DESCRIPTION (provided by applicant): Natural products show outstanding potential as starting point in drug discovery, especially in the quest for anticancer drugs. The research proposed here will explore structure-activity relationships of largazole, a marine natural product that shows nanomolar and selective antiproliferative activity against cancer cell lines in vitro. We will characterize the antitumor mode of action and assess the therapeutic potential of most promising largazole analogs. We recently discovered largazole during our ongoing program to find novel antitumor drugs from marine cyanobacteria. Our preliminary data indicate that largazole is a potent histone deacetylase (HDAC) inhibitor. HDACs have emerged as attractive targets for anticancer drug discovery since epigenetic gene silencing due to aberrant HDAC activity has been associated with several types of cancers; first-in-class HDAC inhibitor on the market Zolinza (Merck) was approved for the treatment of cutaneous T-cell lymphoma in late 2006. The working hypothesis tested is that largazole exerts its antitumor activity by class I HDAC inhibition, thereby selectively inhibiting cancer cell growth, and could be an effective drug against a variety of tumors in vivo. First, we will systematically explore two areas within the structure of largazole to complete our structure-activity relationship (SAR) studies, improve potency of HDAC inhibitory activity, and provide insights on the class I HDAC specificity of largazole. Second, we will examine the direct effects of synthesized largazole analogs on various HDAC isoforms and assess stability and metabolism. Third, we will determine transcriptional consequences of cancer cell treatment with various synthetic, bioactive largazoles and determine drug exposures necessary to achieve antitumor activity. Fourth, we will execute pharmacological and therapeutic efficacy studies with prioritized largazoles and address plasma stability, in vivo pharmacokinetics in tumor-bearing mice and ultimately carry out efficacy studies. PUBLIC HEALTH RELEVANCE: Selective inhibitors of the enzyme histone deacetylase could be promising anticancer agents. We have identified a lead compound from a marine cyanobacterium and we propose to synthesize a series of related compounds with improved selectivity and potency and test the efficacy of the most promising compounds in cancer cells and in mice tumor models.

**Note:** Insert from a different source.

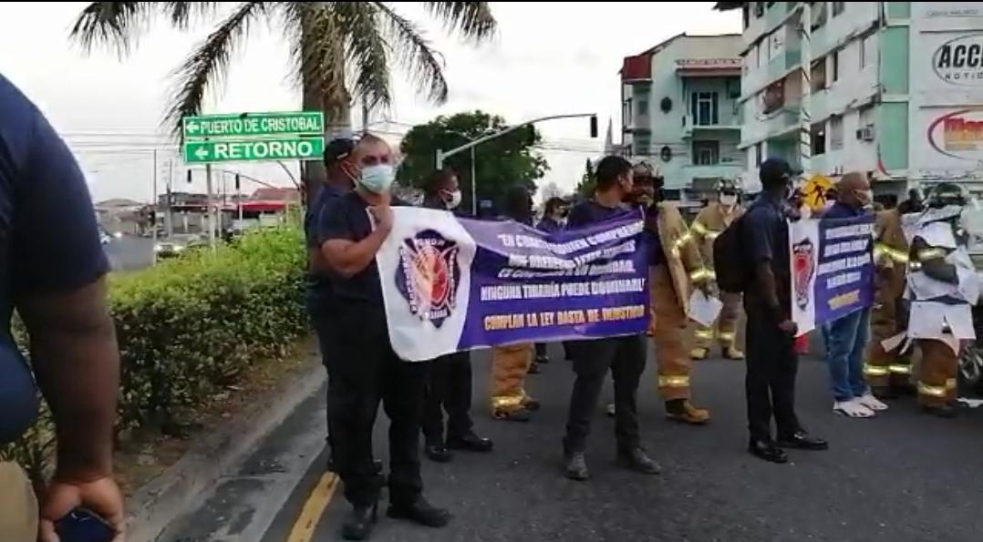 Bomberos de la provincia de Colón protestan en la entrada de la urbe , han cerrado un paño de ingreso, por la falta de ascensos dentro de la institución.

描述（由申请人提供）：天然产品在药物发现的起点上表现出杰出的潜力，尤其是在寻求抗癌药物方面。此处提出的研究将探索大拉唑的结构活性关系，这是一种海洋天然产物，在体外显示了针对癌细胞系的纳摩尔和选择性抗增殖活性。我们将表征抗肿瘤的作用方式，并评估最有前途的大量类似物的治疗潜力。最近，我们在正在进行的计划中发现了大拉唑，以从海洋蓝细菌中找到新型抗肿瘤药物。我们的初步数据表明，大拉唑是一种有效的组蛋白脱乙酰基酶（HDAC）抑制剂。由于异常HDAC活性引起的表观遗传基因沉默与几种类型的癌症有关，因此HDAC已成为抗癌药物发现的有吸引力的靶标。市场Zolinza（Merck）上的第一类HDAC抑制剂在2006年末被批准用于治疗皮肤T细胞淋巴瘤。进行的工作假设是，Largazole通过I类HDAC抑制作用施加其抗肿瘤活性，从而选择性地抑制癌细胞的生长，并且可以有效地抗药药物，从而有效地抗药性药物。首先，我们将系统地探索大拉戈唑结构内的两个领域，以完成我们的结构活性关系（SAR）研究，提高HDAC抑制活性的效力，并提供有关大兰加唑I类特异性的见解。其次，我们将研究合成的大左右类似物对各种HDAC同工型的直接影响，并评估稳定性和代谢。第三，我们将确定各种合成，生物活性大量的癌细胞处理的转录后果，并确定获得抗肿瘤活性所需的药物暴露。第四，我们将通过优先级别的大左右执行药理和治疗功效研究，并解决血浆稳定性，在承重肿瘤小鼠的体内药代动力学，并最终进行疗效研究。公共卫生相关性：酶组蛋白脱乙酰基酶的选择性抑制剂可能是有希望的抗癌剂。我们已经从海洋蓝细菌中鉴定出铅化合物，并提议合成一系列具有提高选择性和效力的相关化合物，并测试癌细胞和小鼠肿瘤模型中最有希望的化合物的功效。